Customer Service, Free Shipping Make for a Jolly Online Holiday

Shopzilla.com, the popular comparison-shopping search site formerly known as BizRate.com, recently announced its sixth annual Circle of Excellence Award winners. The award recognizes the best online retailers in customer satisfaction, as judged by customers. This year, 50 online retailers (out of several hundred nominees) received the award, with the following apparel and accessories sites among those taking home honors:

Bealls Department Stores, www.beallsflorida.com

ChoiceShirts, www.choiceshirts.com

Hatworld, www.lids.com

Shoebuy.com, www.shoebuy.com

Shoes.com, www.shoes.com

Zappos.com, www.zappos.com

To look at these sites, none of them would win any awards for design or graphic sophistication. They are busy and cluttered with merchandise, but they function well, and Shopzilla’s emphasis is on customer service and what creates and cultivates happy repeat customers.

Shopzilla Chairman Chuck Davis summarized the program: “Smart retailers have long figured out that good service equals sales. If it were not for the exceptional quality of service these retailers have provided consumers, online spending would not have flourished to the extent it has over the last 10 years of e-commerce. The BizRate Research Circle of Excellence Awards serve to acknowledge those industry-leading retailers who make their customers a priority and raise the industry bar at the same time.”

Gauging Holiday moods

Shopzilla is not just a comparison-shopping portal. It also conducts online marketing research.

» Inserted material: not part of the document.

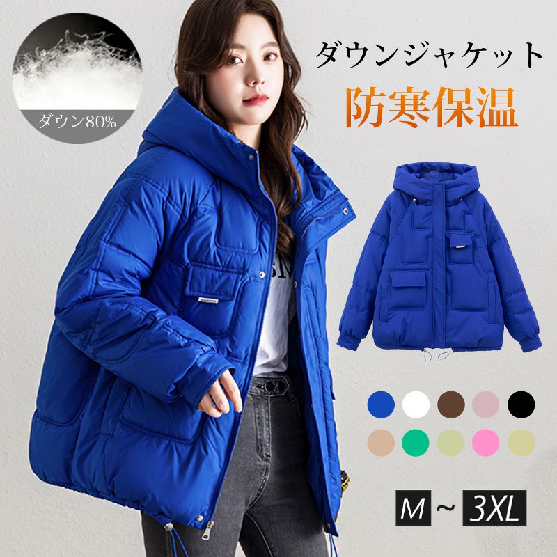 レディースショート丈フード付きダウンジャケット

Just released, the Online Holiday Mood Study reports that this year’s most popular promotion will be free shipping. Indeed, 79 percent of online retailers plan to offer free shipping during the Holiday season, according to the study’s findings, perfectly in line with consumers’ desires—79 percent said that free shipping is an important factor in making online purchases.

“Online shoppers are clearly motivated by promotions like free shipping, gifts with purchase and special online offers,” said Scott Silverman, executive director of Shop.org, the Washington, D.C.–based online research division of the National Retail Federation. “These promotions will enable customers to save money while helping retailers maximize their Holiday sales. And, because companies have planned for them as part of their overall marketing strategy, these promotions will not come at the expense of profits.”

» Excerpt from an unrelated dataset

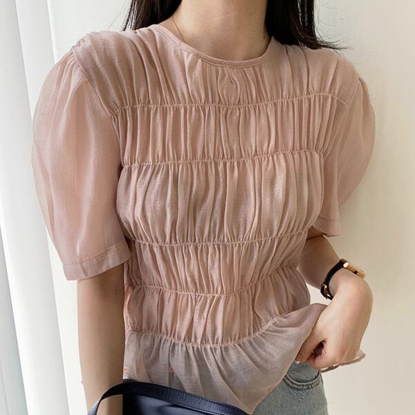 新品 ラウンドネックスリムスリーブシャツブラウストップス 大人女子☆ ⦿韓国 オルチャン K-pop アイドル ジャケット スーツ ワンピース カーディガン ニット フーディー トレーナー キャミソール スカート シャツ ブラウス 5A0423022

This year, online retailers are expecting a very jolly Holiday, as all of the companies surveyed expect to see online sales increase over 2004. Some online retailers are expecting big gains, with 19 percent expecting Holiday sales to double over 2004. Another 54 percent expect to see growth of up to 20 percent.

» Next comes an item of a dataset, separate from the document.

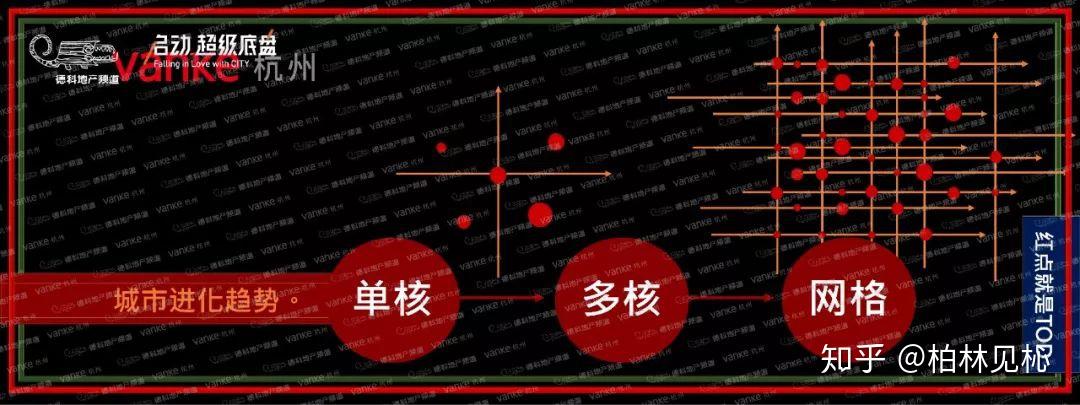 城市进化的趋势是什么?过去是单核,现在是多核,未来是网格。如果有一些专家告诉你,说城市未来进化的方向是多核城市——废话。我们要知道多核之后是网格,我们必将迎来网格化的城市。而网格上的那些红点,就是 TOD。万科跟杭州地铁集团一起开发的天空之城,只是其中的一个红点而已。

Many multi-channel retailers said they planned to begin their Holiday marketing earlier this year, timing their promotions with the shopping patterns of their customers. According to the survey, 28 percent will have started earlier than last year, with 60 percent having planned to begin by the end of last month. This is closely in line with consumers’ shopping habits, as half of consumers surveyed said they start their online Holiday shopping by the end of October. And 21 percent of consumers said they planned to start their Holiday online shopping earlier this year than last.

More than half of consumers (56 percent) said they typically begin shopping for a particular item or gift at specific merchants’ Web sites, but another 37 percent said they would start with a search engine, comparison-shopping site or an auction site/shopping portal. In addition, 29 percent of online shoppers said they would start their shopping via stores or catalogs.

The advertising payoff

Recognizing that consumers are using a variety of tools to research products and compare prices, online retailers are raising their investment in search-engine marketing this Holiday season, with 70 percent of companies planning to increase their emphasis on paid-listing search-engine marketing.

“Consumers are getting smarter when it comes to how they use the Internet. Shoppers not only buy merchandise from specific retailers, but they increasingly research and compare prices using aggregator sites,” said Davis of Shopzilla. “Retailers understand that they need to focus some of their marketing efforts on online shopping tools, where many consumers start their shopping.”

Online retailers will not only rely on the Internet to market their Web sites during the Holidays, but according to the survey, 92 percent of pure-play (online-only) retailers will advertise offline this year, too, compared with 93 percent of multichannel merchants.

About 63 percent of online retailers will use catalog mailings, 61 percent will use in-store materials and 59 percent will use direct mail to drive traffic to their sites. Many online retailers will also be investing in print and broadcast media: 54 percent in magazines, 41 percent in newspapers, 35 percent in television and 32 percent in radio.